_MATERIAL PROVIDED:_

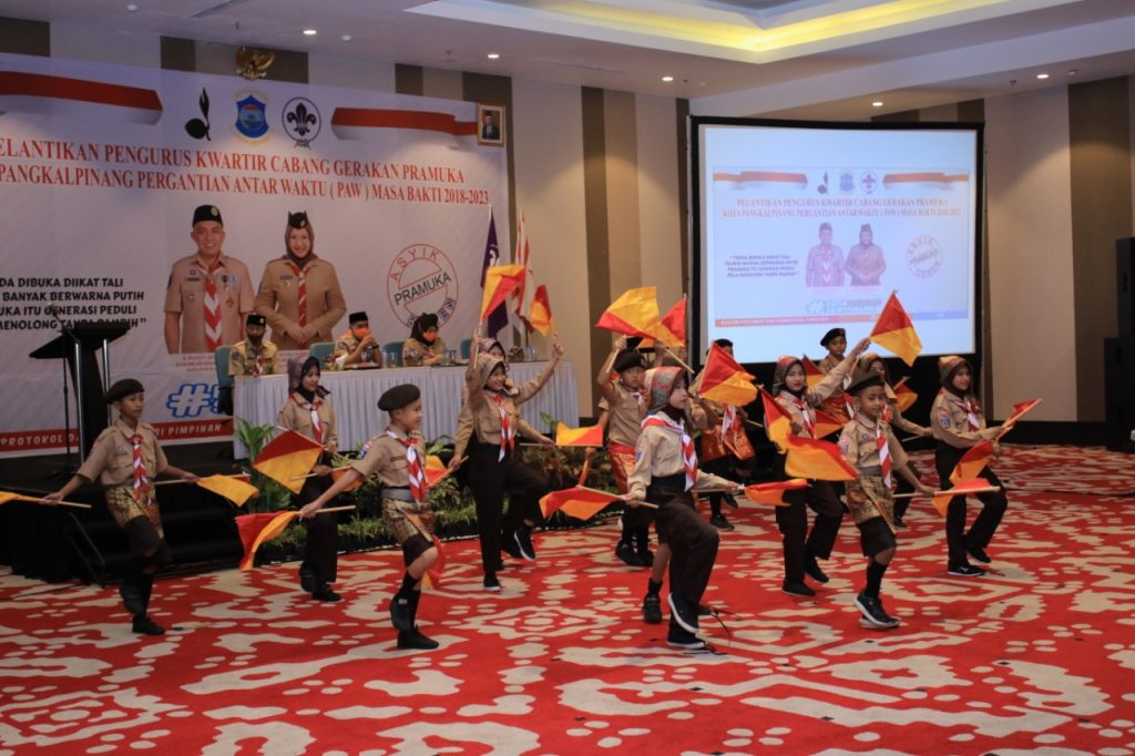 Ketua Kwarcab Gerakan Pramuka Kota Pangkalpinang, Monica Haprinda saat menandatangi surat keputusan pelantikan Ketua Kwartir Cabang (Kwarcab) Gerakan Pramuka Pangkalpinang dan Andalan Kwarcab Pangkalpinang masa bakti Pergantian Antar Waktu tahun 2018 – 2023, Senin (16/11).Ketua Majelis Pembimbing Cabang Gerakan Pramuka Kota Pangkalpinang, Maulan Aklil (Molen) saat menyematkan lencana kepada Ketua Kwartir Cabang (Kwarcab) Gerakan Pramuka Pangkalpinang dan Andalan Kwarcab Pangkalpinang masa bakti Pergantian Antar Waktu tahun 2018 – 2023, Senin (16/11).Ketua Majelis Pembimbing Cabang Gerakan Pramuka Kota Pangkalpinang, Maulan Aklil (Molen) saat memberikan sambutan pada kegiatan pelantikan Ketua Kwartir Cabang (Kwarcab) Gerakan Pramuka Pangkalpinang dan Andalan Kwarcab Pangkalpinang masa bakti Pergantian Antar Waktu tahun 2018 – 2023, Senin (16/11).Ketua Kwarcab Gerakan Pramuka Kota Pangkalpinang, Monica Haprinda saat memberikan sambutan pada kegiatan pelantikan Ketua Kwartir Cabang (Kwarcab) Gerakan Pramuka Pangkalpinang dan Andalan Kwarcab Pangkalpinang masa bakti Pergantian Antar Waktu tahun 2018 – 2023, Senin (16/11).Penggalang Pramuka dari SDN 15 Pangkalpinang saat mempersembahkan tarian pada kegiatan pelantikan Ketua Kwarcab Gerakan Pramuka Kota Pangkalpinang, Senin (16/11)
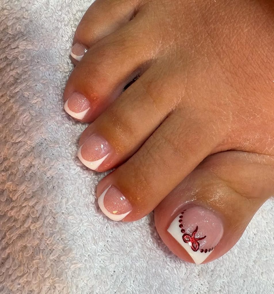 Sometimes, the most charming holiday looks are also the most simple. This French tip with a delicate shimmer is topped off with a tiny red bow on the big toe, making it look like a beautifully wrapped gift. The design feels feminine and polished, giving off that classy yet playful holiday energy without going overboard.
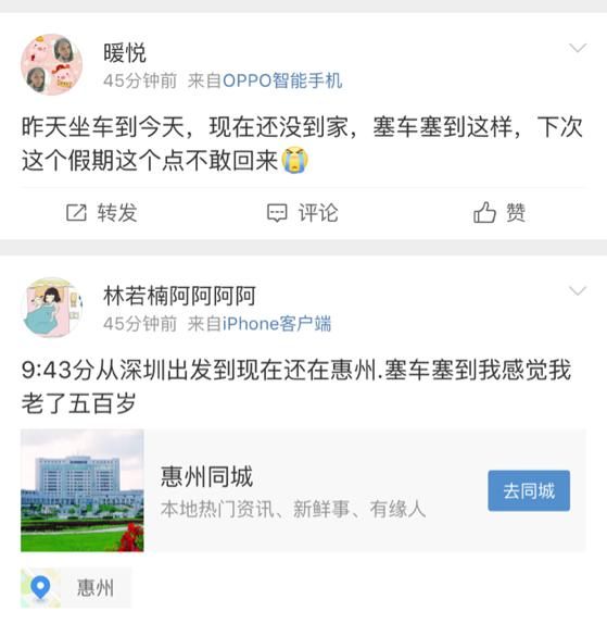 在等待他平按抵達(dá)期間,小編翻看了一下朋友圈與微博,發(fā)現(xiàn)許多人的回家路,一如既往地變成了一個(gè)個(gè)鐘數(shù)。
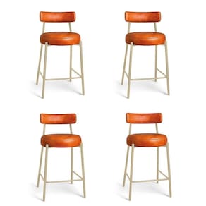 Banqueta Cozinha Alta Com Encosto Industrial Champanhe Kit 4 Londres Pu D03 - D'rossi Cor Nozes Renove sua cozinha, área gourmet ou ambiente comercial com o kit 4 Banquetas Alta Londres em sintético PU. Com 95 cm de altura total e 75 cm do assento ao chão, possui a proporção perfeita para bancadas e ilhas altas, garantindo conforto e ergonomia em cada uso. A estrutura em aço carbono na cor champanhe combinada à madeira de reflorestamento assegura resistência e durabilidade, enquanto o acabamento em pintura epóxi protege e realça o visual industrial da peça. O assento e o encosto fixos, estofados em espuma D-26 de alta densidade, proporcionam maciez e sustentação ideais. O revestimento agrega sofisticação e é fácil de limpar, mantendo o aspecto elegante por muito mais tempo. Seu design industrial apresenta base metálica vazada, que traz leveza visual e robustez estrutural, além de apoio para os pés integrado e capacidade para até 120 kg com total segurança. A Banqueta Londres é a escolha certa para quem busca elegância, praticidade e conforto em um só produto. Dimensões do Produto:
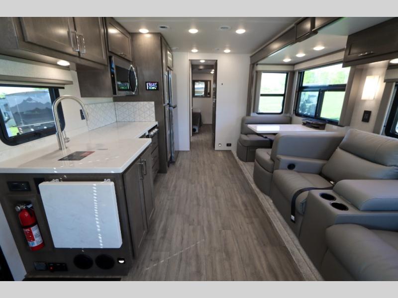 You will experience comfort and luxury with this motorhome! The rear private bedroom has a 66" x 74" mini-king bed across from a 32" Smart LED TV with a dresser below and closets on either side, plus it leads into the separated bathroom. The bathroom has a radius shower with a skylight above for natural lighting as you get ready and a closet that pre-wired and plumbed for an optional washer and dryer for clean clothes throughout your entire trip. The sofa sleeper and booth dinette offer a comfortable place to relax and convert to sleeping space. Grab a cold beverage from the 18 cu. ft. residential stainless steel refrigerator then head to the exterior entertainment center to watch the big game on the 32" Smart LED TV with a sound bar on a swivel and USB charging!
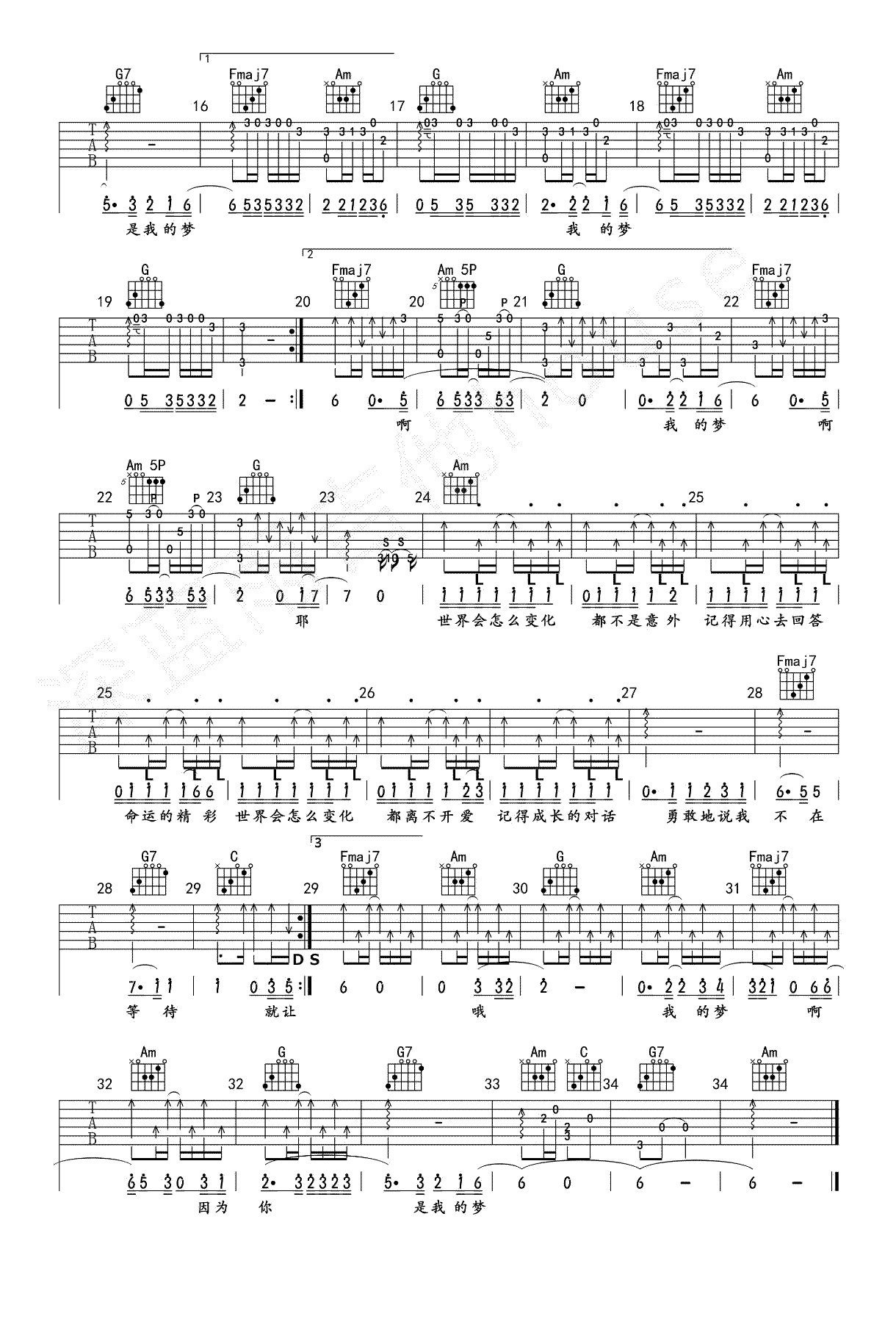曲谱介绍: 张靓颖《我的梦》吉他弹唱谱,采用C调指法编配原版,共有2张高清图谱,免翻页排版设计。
...
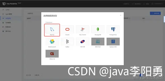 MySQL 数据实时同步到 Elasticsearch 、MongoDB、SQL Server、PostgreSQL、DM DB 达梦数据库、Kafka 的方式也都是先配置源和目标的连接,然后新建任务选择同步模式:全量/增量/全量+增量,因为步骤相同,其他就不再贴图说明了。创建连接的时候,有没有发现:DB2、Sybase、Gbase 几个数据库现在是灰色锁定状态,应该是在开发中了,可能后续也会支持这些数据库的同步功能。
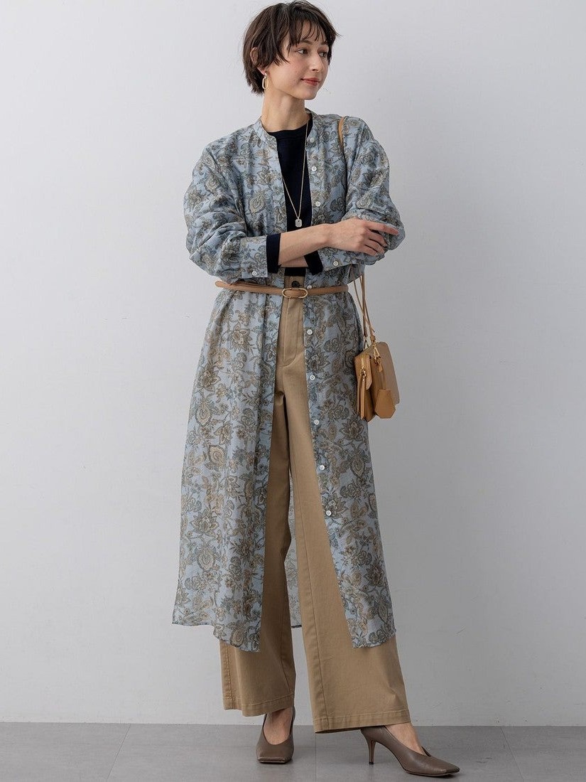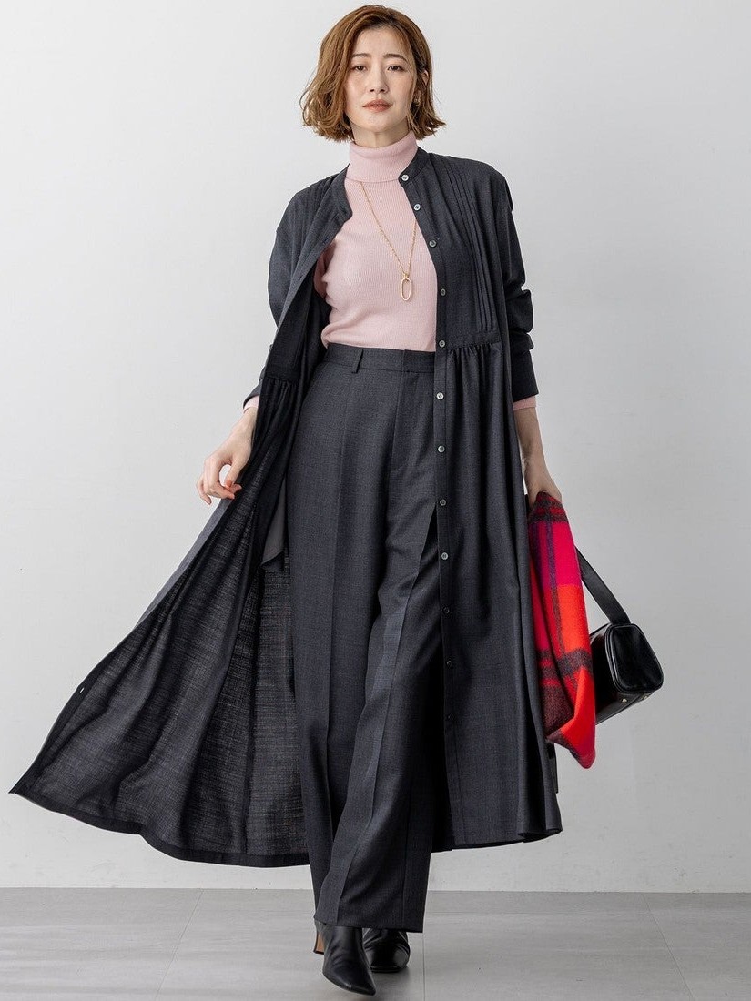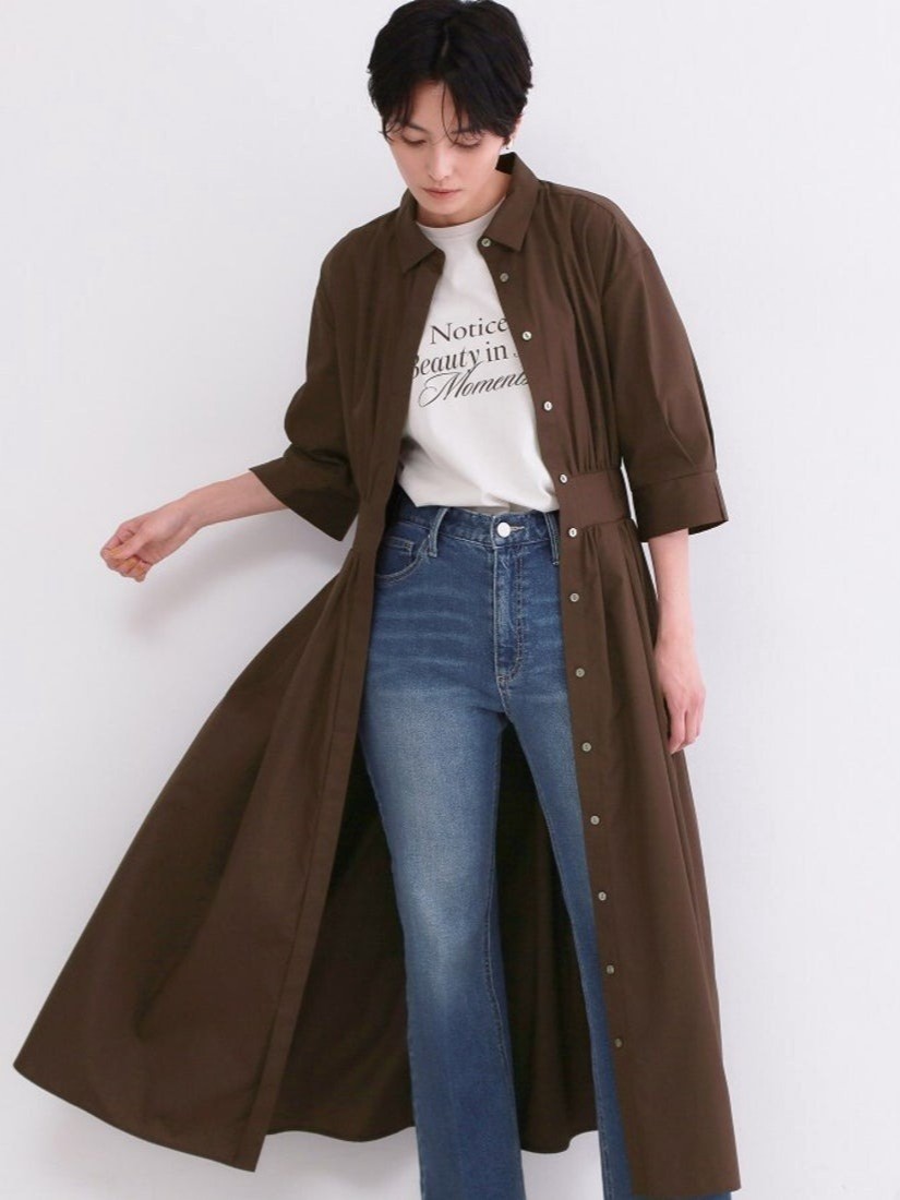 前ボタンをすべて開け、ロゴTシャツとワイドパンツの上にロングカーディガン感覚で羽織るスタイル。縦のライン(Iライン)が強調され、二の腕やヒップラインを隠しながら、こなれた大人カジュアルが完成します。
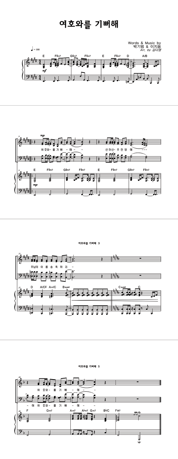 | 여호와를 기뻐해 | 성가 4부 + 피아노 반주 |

_THE PROBLEM:_
What's needed is an exact copy of the records above from the line containing "前ボタンをすべて開け、ロゴT" down to the line containing "4부 + 피아노 반주 |", both included, without any pictures.

_WRITTEN RESPONSE:_
 前ボタンをすべて開け、ロゴTシャツとワイドパンツの上にロングカーディガン感覚で羽織るスタイル。縦のライン(Iライン)が強調され、二の腕やヒップラインを隠しながら、こなれた大人カジュアルが完成します。
 | 여호와를 기뻐해 | 성가 4부 + 피아노 반주 |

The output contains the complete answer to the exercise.